- [About this exercise]
Take the records below and set down exactly the lines from the one with "Стоп-цистит Био применяют" to the one with "K18アンティーク枠が美しいトルコ石リング指輪12.5号です。", ends included; do not copy the pictures.

- [Exercise data]
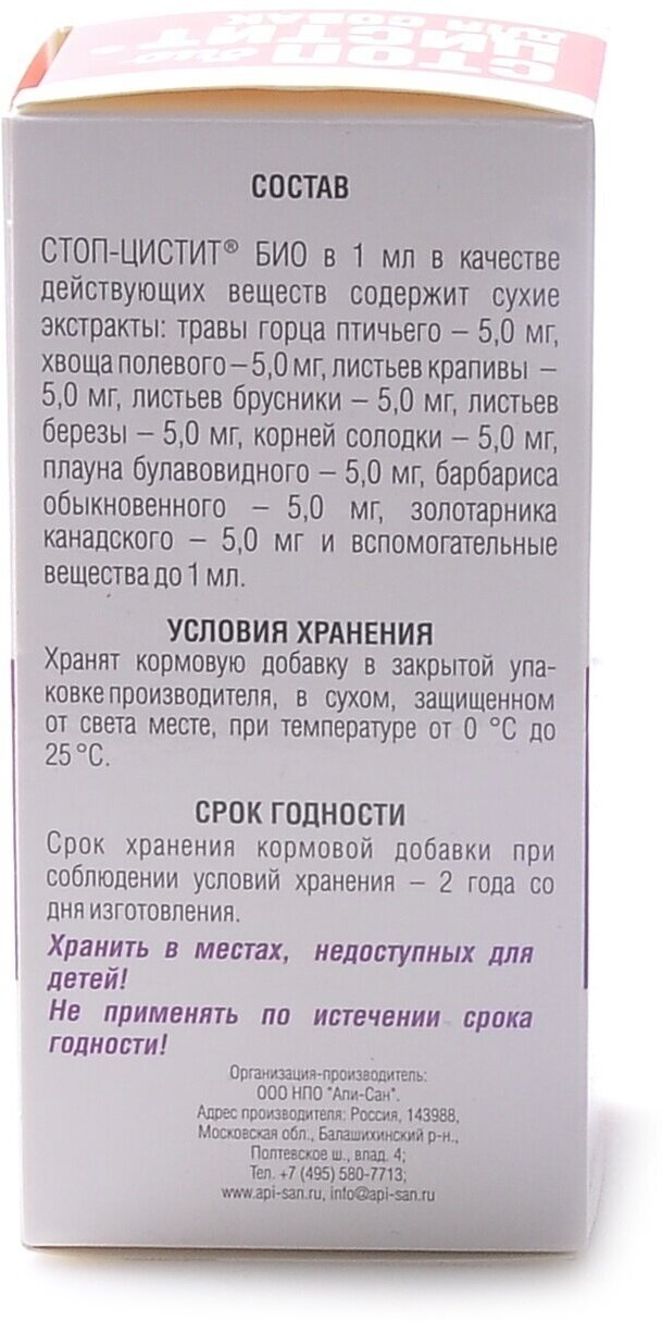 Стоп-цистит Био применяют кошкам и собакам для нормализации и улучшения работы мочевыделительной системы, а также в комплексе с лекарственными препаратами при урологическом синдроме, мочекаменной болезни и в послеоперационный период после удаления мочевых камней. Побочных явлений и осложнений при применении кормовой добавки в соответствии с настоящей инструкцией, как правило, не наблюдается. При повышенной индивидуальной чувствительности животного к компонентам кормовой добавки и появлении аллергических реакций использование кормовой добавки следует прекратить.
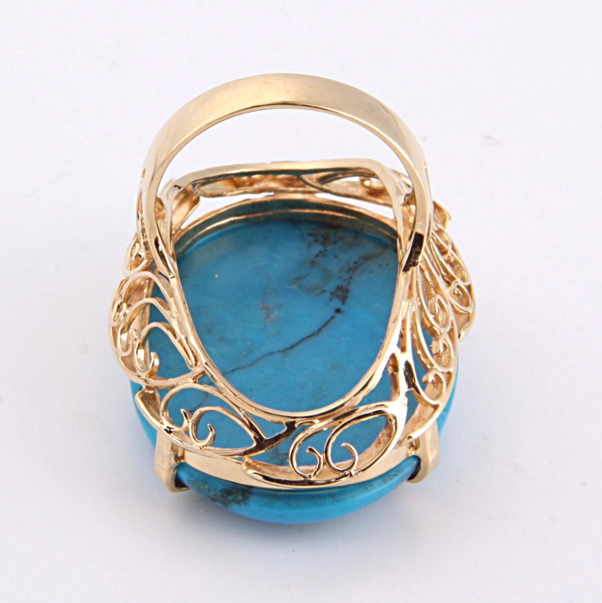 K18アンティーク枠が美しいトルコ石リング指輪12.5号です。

* * *

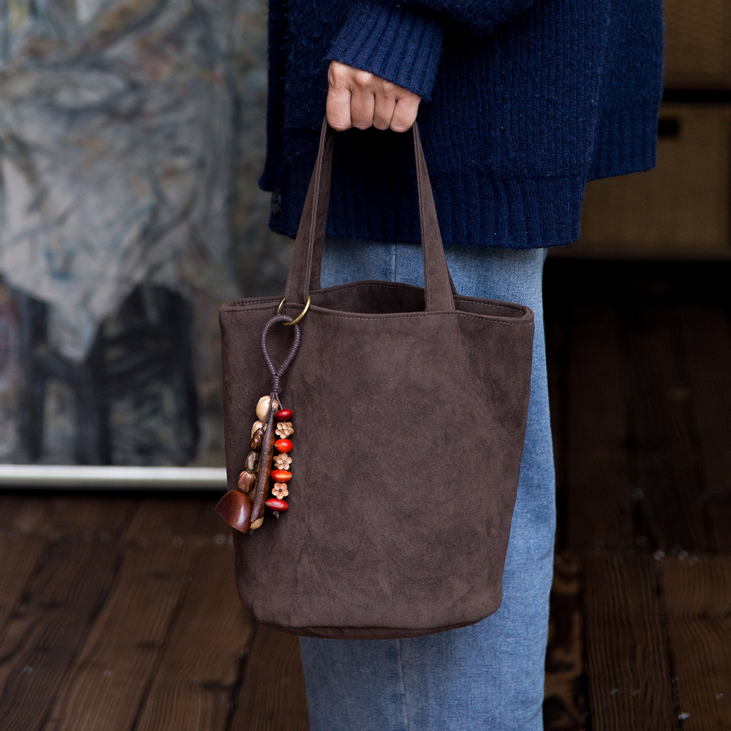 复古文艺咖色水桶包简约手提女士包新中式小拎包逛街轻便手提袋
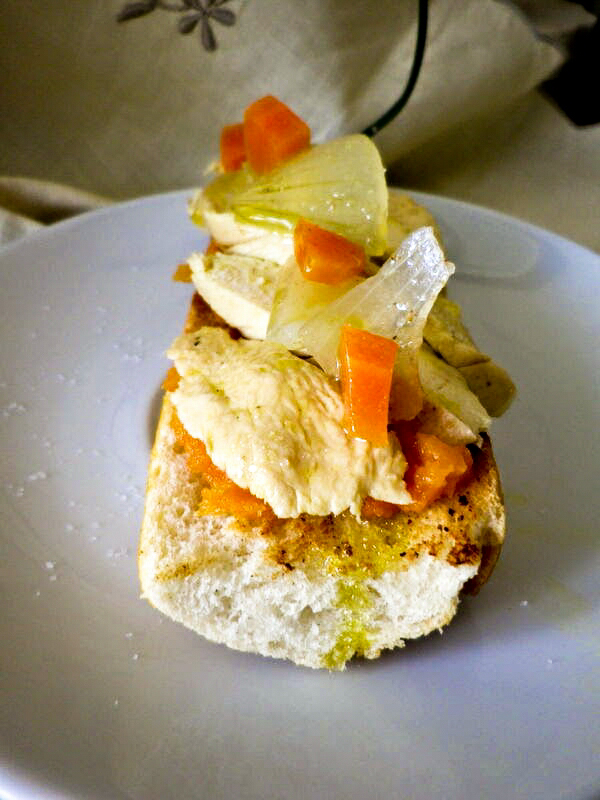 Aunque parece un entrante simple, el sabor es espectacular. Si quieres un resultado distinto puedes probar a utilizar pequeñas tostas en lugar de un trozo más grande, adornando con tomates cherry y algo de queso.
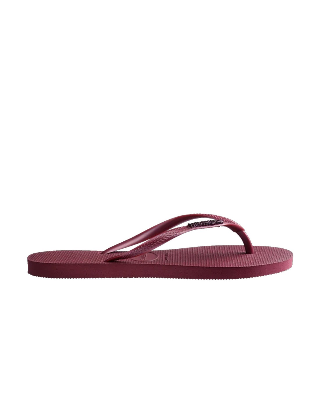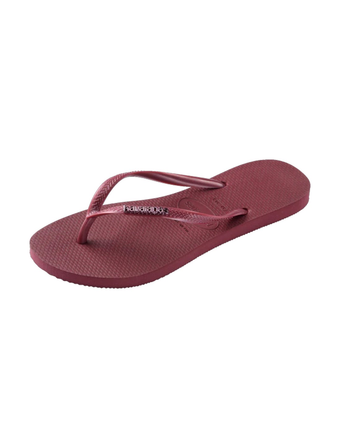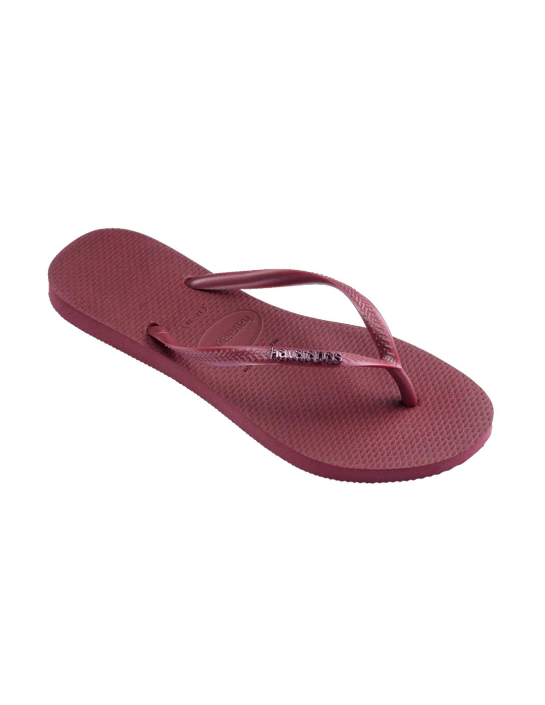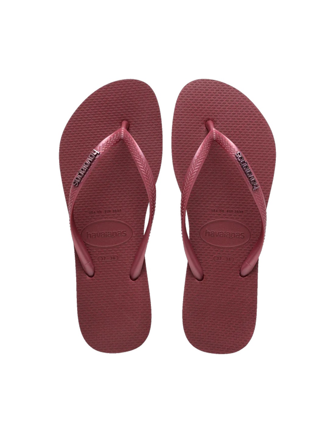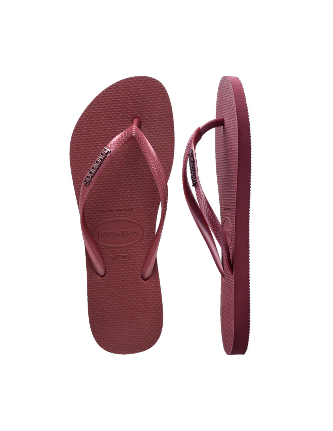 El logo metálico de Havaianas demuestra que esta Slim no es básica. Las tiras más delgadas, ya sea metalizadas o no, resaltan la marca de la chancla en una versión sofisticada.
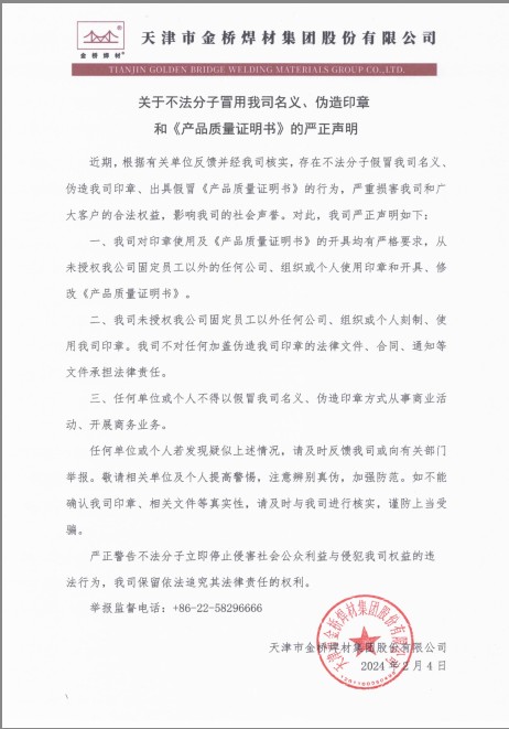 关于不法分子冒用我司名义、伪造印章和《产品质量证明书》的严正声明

---

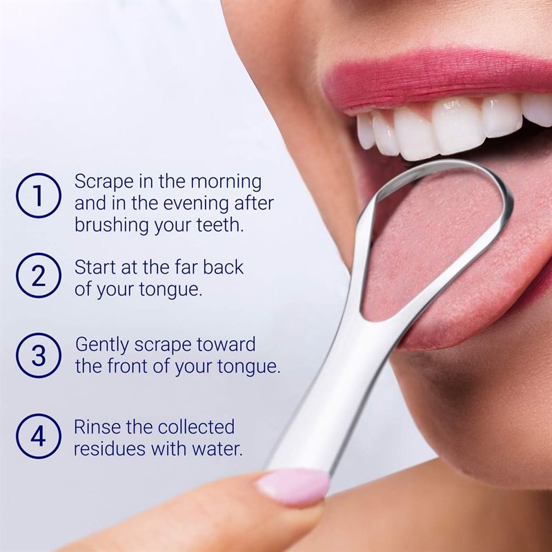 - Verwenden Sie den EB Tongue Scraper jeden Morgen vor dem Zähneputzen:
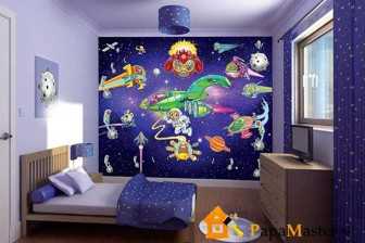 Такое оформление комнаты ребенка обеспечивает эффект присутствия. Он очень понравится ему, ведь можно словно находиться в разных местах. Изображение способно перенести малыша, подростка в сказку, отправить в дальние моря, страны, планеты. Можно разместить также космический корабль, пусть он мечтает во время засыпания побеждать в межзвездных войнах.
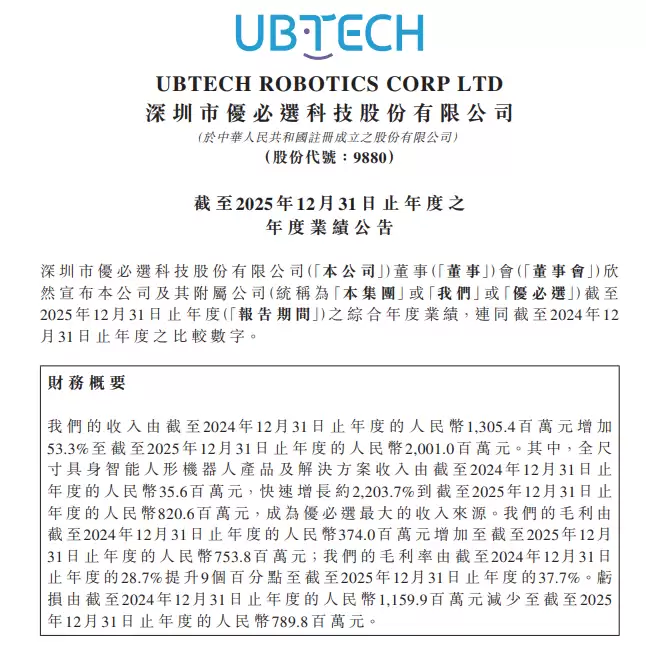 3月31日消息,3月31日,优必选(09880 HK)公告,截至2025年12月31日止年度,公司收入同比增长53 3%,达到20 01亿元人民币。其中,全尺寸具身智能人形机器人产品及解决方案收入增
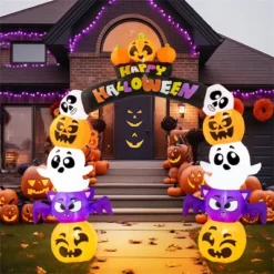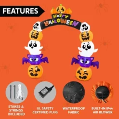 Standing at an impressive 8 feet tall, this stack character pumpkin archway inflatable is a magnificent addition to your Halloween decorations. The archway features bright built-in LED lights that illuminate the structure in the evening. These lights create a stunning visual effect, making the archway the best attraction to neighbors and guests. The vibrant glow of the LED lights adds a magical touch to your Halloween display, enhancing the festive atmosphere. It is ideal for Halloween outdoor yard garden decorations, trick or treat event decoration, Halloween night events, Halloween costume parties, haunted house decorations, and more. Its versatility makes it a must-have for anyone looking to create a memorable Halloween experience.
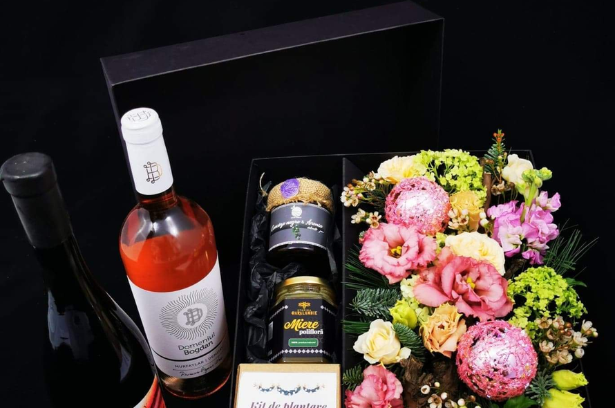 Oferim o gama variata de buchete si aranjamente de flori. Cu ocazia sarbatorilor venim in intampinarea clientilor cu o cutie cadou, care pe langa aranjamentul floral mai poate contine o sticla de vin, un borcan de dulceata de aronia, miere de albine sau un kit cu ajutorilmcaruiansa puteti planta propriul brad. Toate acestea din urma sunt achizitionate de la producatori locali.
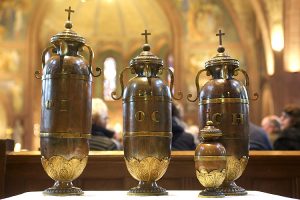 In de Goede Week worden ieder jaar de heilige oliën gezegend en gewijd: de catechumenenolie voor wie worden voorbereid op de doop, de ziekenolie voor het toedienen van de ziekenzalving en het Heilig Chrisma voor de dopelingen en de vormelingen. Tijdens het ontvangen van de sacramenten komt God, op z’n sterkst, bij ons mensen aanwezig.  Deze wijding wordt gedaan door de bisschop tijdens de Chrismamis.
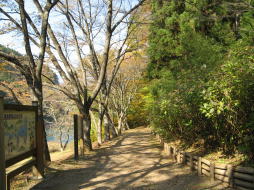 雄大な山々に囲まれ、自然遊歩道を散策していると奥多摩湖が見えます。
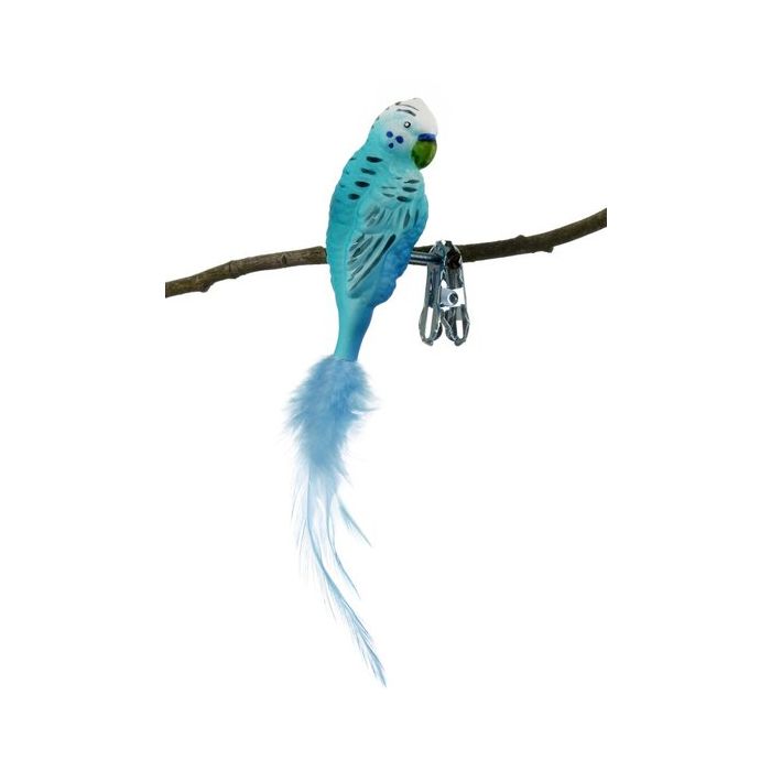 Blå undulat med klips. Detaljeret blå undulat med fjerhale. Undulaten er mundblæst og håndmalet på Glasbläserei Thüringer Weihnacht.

- [Answer section]
 Стоп-цистит Био применяют кошкам и собакам для нормализации и улучшения работы мочевыделительной системы, а также в комплексе с лекарственными препаратами при урологическом синдроме, мочекаменной болезни и в послеоперационный период после удаления мочевых камней. Побочных явлений и осложнений при применении кормовой добавки в соответствии с настоящей инструкцией, как правило, не наблюдается. При повышенной индивидуальной чувствительности животного к компонентам кормовой добавки и появлении аллергических реакций использование кормовой добавки следует прекратить.
 K18アンティーク枠が美しいトルコ石リング指輪12.5号です。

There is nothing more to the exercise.